Texas Legislature

Texas Legislators Fight Social Media Companies Canceling Conservative Speech

NBC 5 News

Texas Gov. Greg Abbott (R) is working with State Sen. Bryan Hughes (R-Mineola) to introduce a bill that has Texans from multiple political parties talking.

The bill addresses what Texans can do when their online accounts are banned by social media companies like Facebook and Twitter.

According to the Texas Legislature, the bill would give Texans a way to get back online if a social media company bans or blocks their account based on their political or religious views.

According to Gov. Abbott, the bill aims to "prevent social media platforms from 'canceling conservative speech'."

As Abbott and Hughes seek to hold social media companies responsible for banning certain accounts, representatives from the other side of the aisle are pushing back.

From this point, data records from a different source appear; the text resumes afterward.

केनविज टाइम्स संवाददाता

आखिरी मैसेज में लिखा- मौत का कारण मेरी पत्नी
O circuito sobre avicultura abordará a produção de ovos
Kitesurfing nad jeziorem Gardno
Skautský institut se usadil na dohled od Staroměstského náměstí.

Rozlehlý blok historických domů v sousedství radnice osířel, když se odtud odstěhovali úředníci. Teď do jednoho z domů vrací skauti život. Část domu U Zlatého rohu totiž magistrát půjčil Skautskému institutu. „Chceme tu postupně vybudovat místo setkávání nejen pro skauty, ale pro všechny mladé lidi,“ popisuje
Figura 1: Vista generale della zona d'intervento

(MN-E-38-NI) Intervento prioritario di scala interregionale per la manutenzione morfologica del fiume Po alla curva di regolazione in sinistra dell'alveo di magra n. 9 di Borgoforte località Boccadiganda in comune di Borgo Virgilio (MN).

The Libertarian Party of Texas said in a tweet Sunday that Abbott is "trying to force the baker to bake the cake," likening the legislation to the circumstances surrounding the 2018 Supreme Court case Masterpiece Cakeshop v. Colorado Civil Rights Commission.

In 2017, a bakery in Colorado refused to bake a wedding cake for a gay couple based on the bakery owner's religious beliefs.

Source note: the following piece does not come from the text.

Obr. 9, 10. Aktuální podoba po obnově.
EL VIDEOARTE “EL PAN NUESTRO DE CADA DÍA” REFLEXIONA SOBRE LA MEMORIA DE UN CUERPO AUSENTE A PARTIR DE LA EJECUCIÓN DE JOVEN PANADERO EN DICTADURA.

The couple filed a complaint with the Colorado Civil Rights Commission, which resulted in a lawsuit alleging that the bakery discriminated against the couple based on their sexuality.

The case made its way through the appeals process to the U.S. Supreme Court, which ruled in a 7-2 decision that forcing the owner of Masterpiece Cakeshop to bake the wedding cake for the couple violated his rights to free exercise.

The Libertarian Party of Texas's tweet draws a comparison between the circumstances surrounding Masterpiece Cakeshop and Abbott's bill regarding social media companies, suggesting that while the owner of the bakery could deny business to customers on religious grounds, Abbott's bill would prevent private social media companies from banning users based on their political or religious beliefs.

"Companies have every right to host speech they want to, and to not host speech they don't want to," the Libertarian Party of Texas said. "This is called freedom."